Wednesday, June 21, 2017

Tips on writing surveys for youth

By Betsy Olson

Collecting opinions from the youth in your program can be as easy as asking the right question. But in surveys, asking the right question can be tricky. The questions can be too complex, the responses can be mismatched or the vocabulary can be confusing.

Don't go through all the hard work of collecting survey data from a group of young people without ensuring the responses measure what you intend to measure and accurately reflect their experiences. Research into how young people respond to survey items is a topic that has gotten more attention as researchers and evaluators have begun to understand the value of collecting data directly from youth. Here are some tips:

Keep questions short and simple

This one seems obvious to anyone who has asked a young person a question – just remember it when you write your survey. Complex questions are hard for anyone, and particularly for people under age 11. If you want accurate responses, keep it very simple.

Test the vocabulary

Vocabulary makes a big difference, especially for youth 8-11 years old. One-word variations can make a question incomprehensible. For example, if youth refer to the program as 4-H and you ask them about a 4-H community club, they may not understand that they're the same. The only way to be sure your vocabulary is clear is to test it with a few people the same age as those you will survey. Youth under age seven are very hard to survey – my advice is to interview them instead.

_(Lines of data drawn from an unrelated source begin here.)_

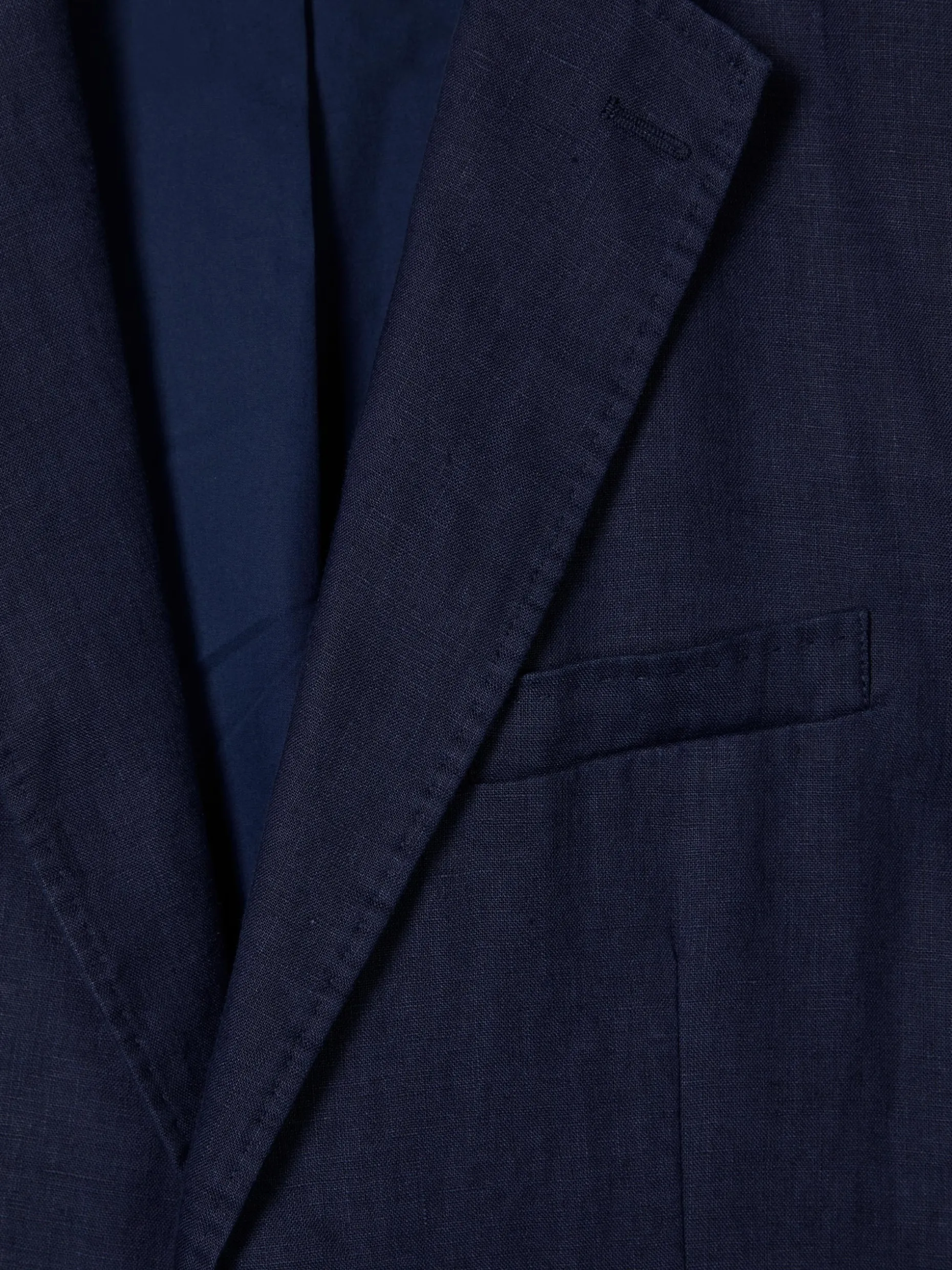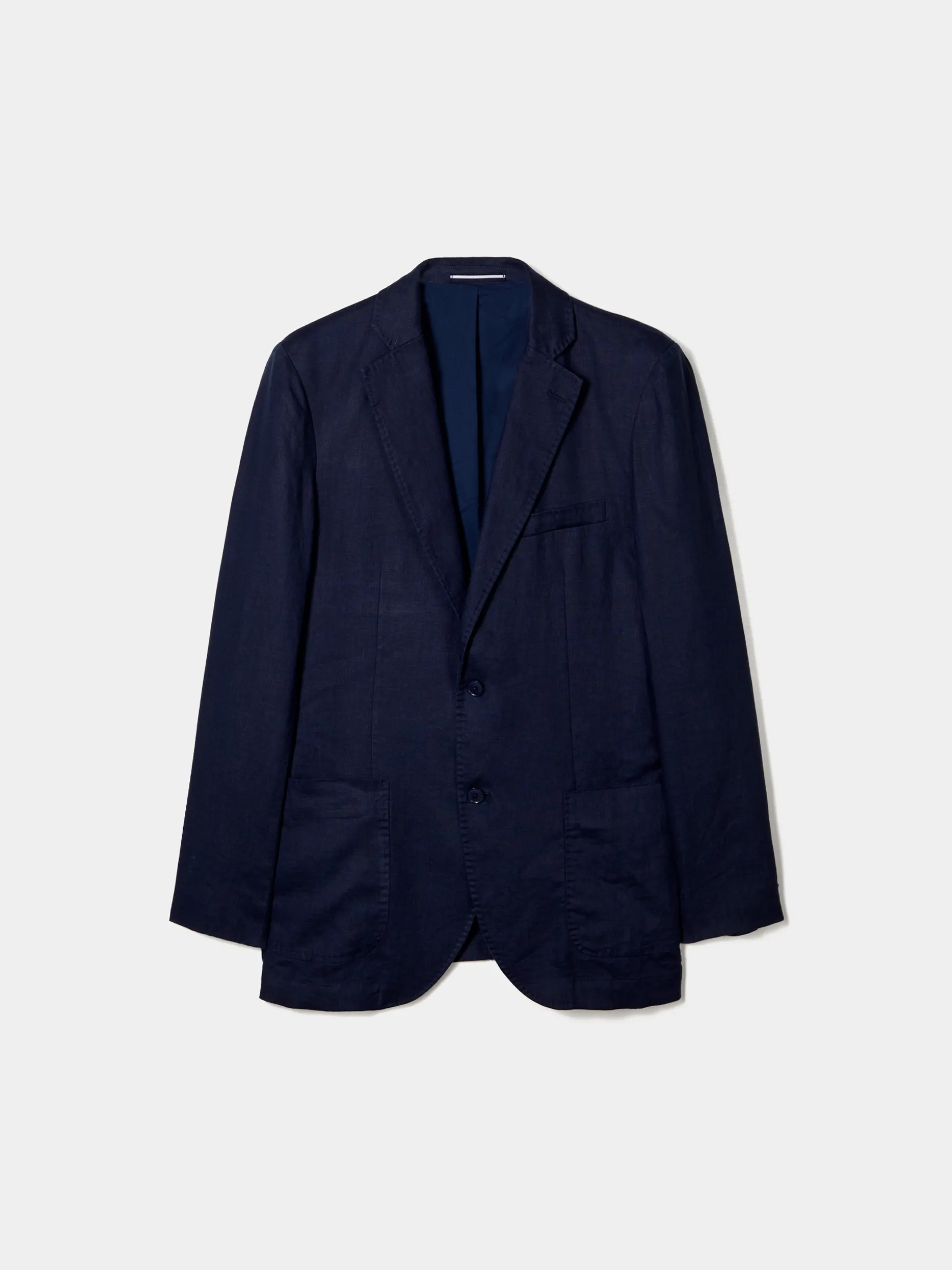 Blazer slim fit em linho. A escolha perfeita para um look elegante nas estações mais quentes. Aperta na frente com dois botões e finaliza com dois bolsos de chapa na frente e outro ao nível do peito. Na parte de trás, conta com duas aberturas. No interior, meio forro e três bolsos em contraste de cor.
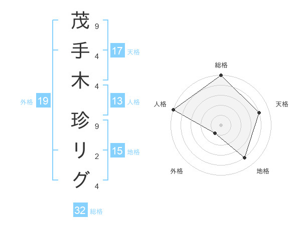 茂手木 珍リグさんを姓名の画数から五運を鑑定
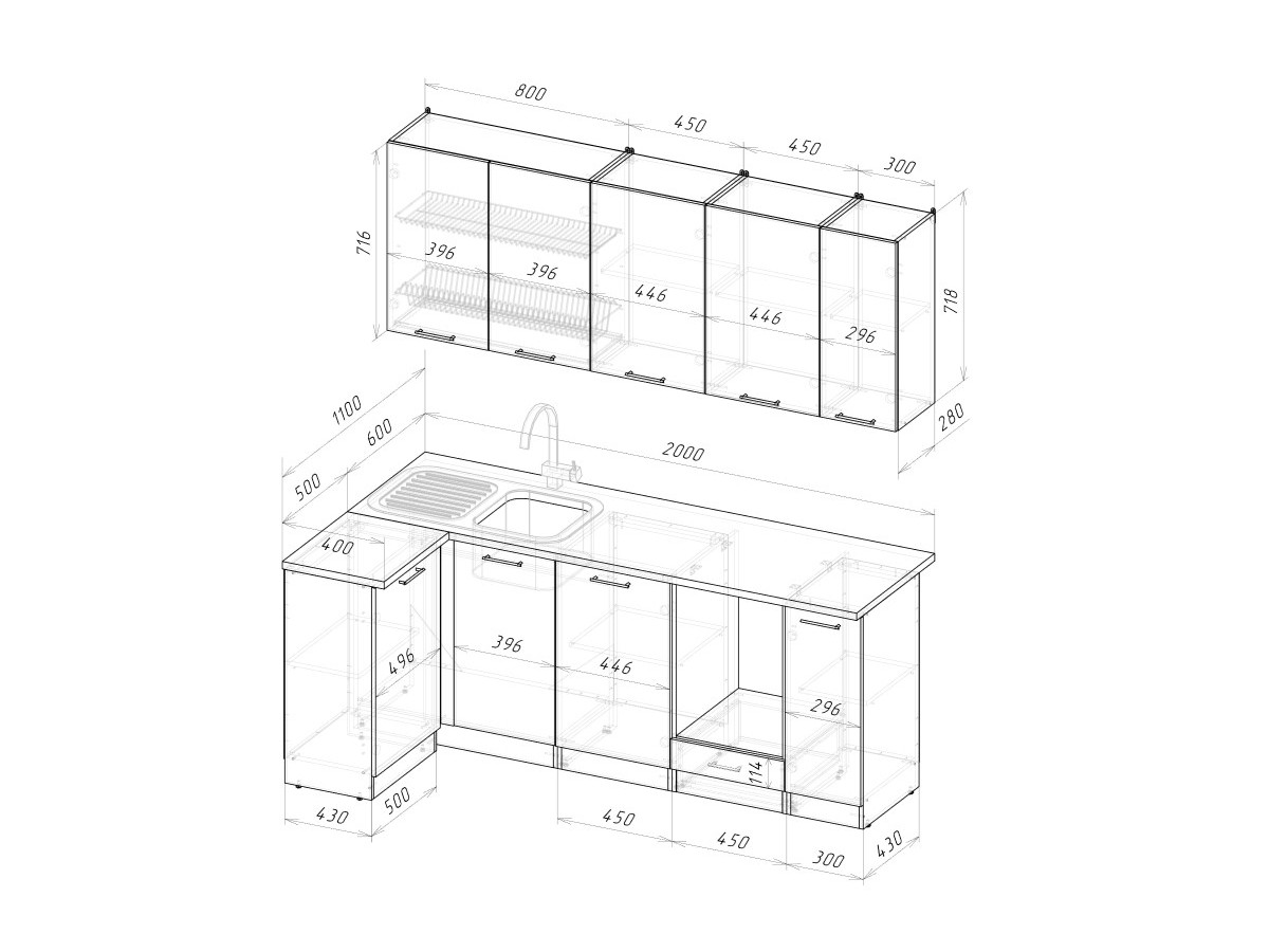 Мойка, смеситель, стеновая панель и посудосушитель в комплект гарнитура не входят.
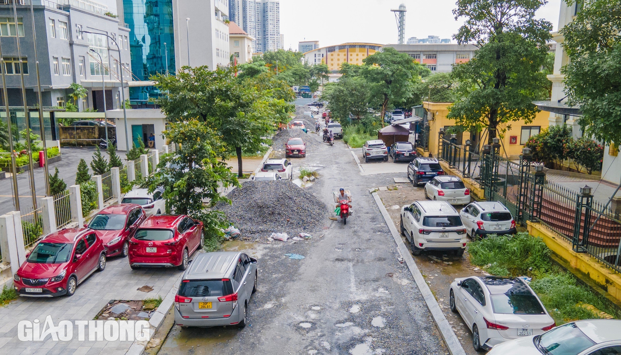 Trong khi khu vực này có nhiều tòa nhà văn phòng, trụ sở cơ quan như Cục Dân số (Bộ Y tế), Liên hiệp các Hội Khoa học và Kỹ thuật Việt Nam... (Trong ảnh đoạn đầu đường Tôn Thất Thuyết đang quây tôn, nhưng nhiều chỗ bị đổ, công trình trong quá trình hoàn thiện nhưng không hề có không có bóng dáng công nhân).
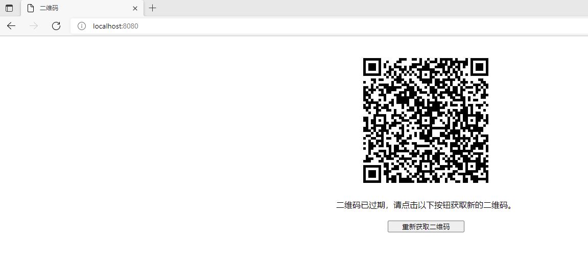public class QrcodeController {@Autowiredprivate RedisUtils redisUtils;/*** @description 二维码页面* @return java.lang.String**/@GetMapping({"/","/index"})public String index(ModelMap modelMap){modelMap.put("userId", 1);return "index";}/*** @description 生成二维码* @param request* @Param response* @return void**/@GetMapping("/getQrcode")@ResponseBodypublic void getQrcode(HttpServletRequest request, HttpServletResponse response) throws Exception {//二维码中的链接,需要公网网址才可以用手机扫描出来,本地测试开通natapp进行内网渗透String url = "http://qh22wg.natappfree.cc/scanQrcode";//过期时间,30slong expireTime = 30;//设置参数String random = request.getParameter("random");String userId = request.getParameter("userId");//生成二维码唯一标识String key = String.valueOf(System.currentTimeMillis());//设置二维码过期时间redisUtils.set(key,random,expireTime);//二维码中的内容String content = url + "?key=" + key + "&userId=" + userId;//二维码图片中间logoString imgPath = null;Boolean needCompress = true;//拿到图片流ByteArrayOutputStream out = QRCodeUtil.encodeIO(content, imgPath, needCompress);//返回二维码response.setCharacterEncoding("UTF-8");response.setContentType("image/jpeg;charset=UTF-8");response.setContentLength(out.size());ServletOutputStream outputStream = response.getOutputStream();outputStream.write(out.toByteArray());outputStream.flush();outputStream.close();}/*** @description 扫描二维码* @param request* @Param key* @Param userId* @return java.lang.String**/@GetMapping("/scanQrcode")@ResponseBodypublic String scanQrcode(HttpServletRequest request, String key, String userId) throws Exception {if(redisUtils.exists(key)){redisUtils.set(userId + "_qrcode_status", "success");return "扫描成功";}return "二维码失效, 请重新扫描";}/*** @description 验证扫描二维码* @param userId**/@RequestMapping("/confirmQrcode")@ResponseBodypublic AjaxResult confirmQrcode(String userId){if(redisUtils.exists(userId + "_qrcode_status")){redisUtils.remove(userId + "_qrcode_status");//扫描成功后跳转新链接return AjaxResult.success("扫描成功", "/success");}return AjaxResult.error("二维码失效, 请重新扫描");}/*** @description 扫描二维码成功跳转页面* @param* @return java.lang.String**/@GetMapping("/success")public String success(ModelMap modelMap){return "success";}}
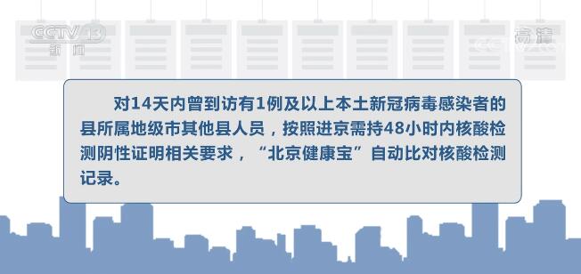 對14天內曾到訪有1例及以上本土新冠病毒感染者的縣所屬地級市其他縣人員,按照進京需持48小時內核酸檢測陰性證明相關要求,“北京健康寶”自動比對核酸檢測記錄。
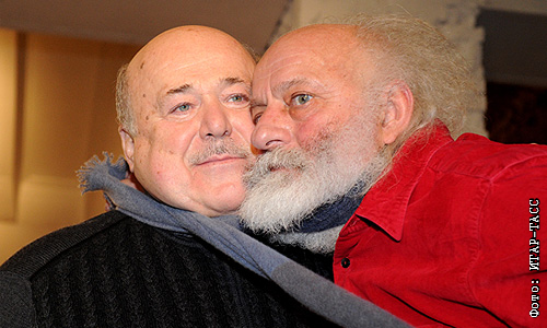 Художественный руководитель театра Et Cetera Александр Калягин и основатель театра "Лицедеи" Вячеслав Полунин (слева направо) в "Гоголь-центре", который открылся на базе московского драматического театра им. Гоголя под руководством Кирилла Серебренникова после реставрации.
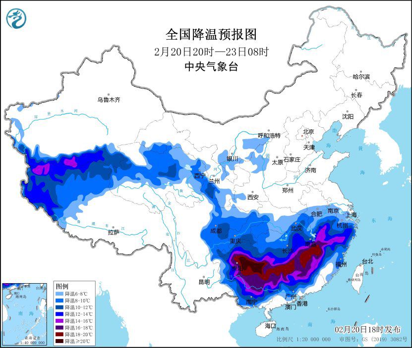 中新網(wǎng)2月20日電 據(jù)中央氣象臺網(wǎng)站消息,中央氣象臺2月20日18時繼續(xù)發(fā)布寒潮橙色預(yù)警:受寒潮影響,預(yù)計,2月20日20時至2月23日,我國南方大部地區(qū)將出現(xiàn)降溫,日平均或最低氣溫普遍下降8~12℃,西南地區(qū)東南部、江南大部、華南中北部等地氣溫下降12~18℃,其中,貴州東南部、湖南西南部、廣西北部等地的部分地區(qū)累計降溫幅度可達20℃以上。2月23日前后,最低溫度0℃線將南壓到蘇皖南部至湖南南部、貴州南部一帶。

Ask about their own experiences

Don’t ask youth about the experiences of others. If only some of the group went swimming, ask questions about swimming only to those who did. Youth are prone to answer all the questions they see, even those that don’t apply to them, so be sure to narrow the questions to only their own experiences.

Avoid negative phrasing

This tip applies to all surveys, but is particularly important for youth.  For example:

I have not served as a leader at camp.
Agree
Don’t Know
Disagree
I disagreed with my camp counselor.
Agree
Don’t Know
Disagree

It's better to use a positive phrase such as, "I served as a leader at camp."

Use words, not numbers and limit the number of responses

It's harder for a young person to translate a scale like this ...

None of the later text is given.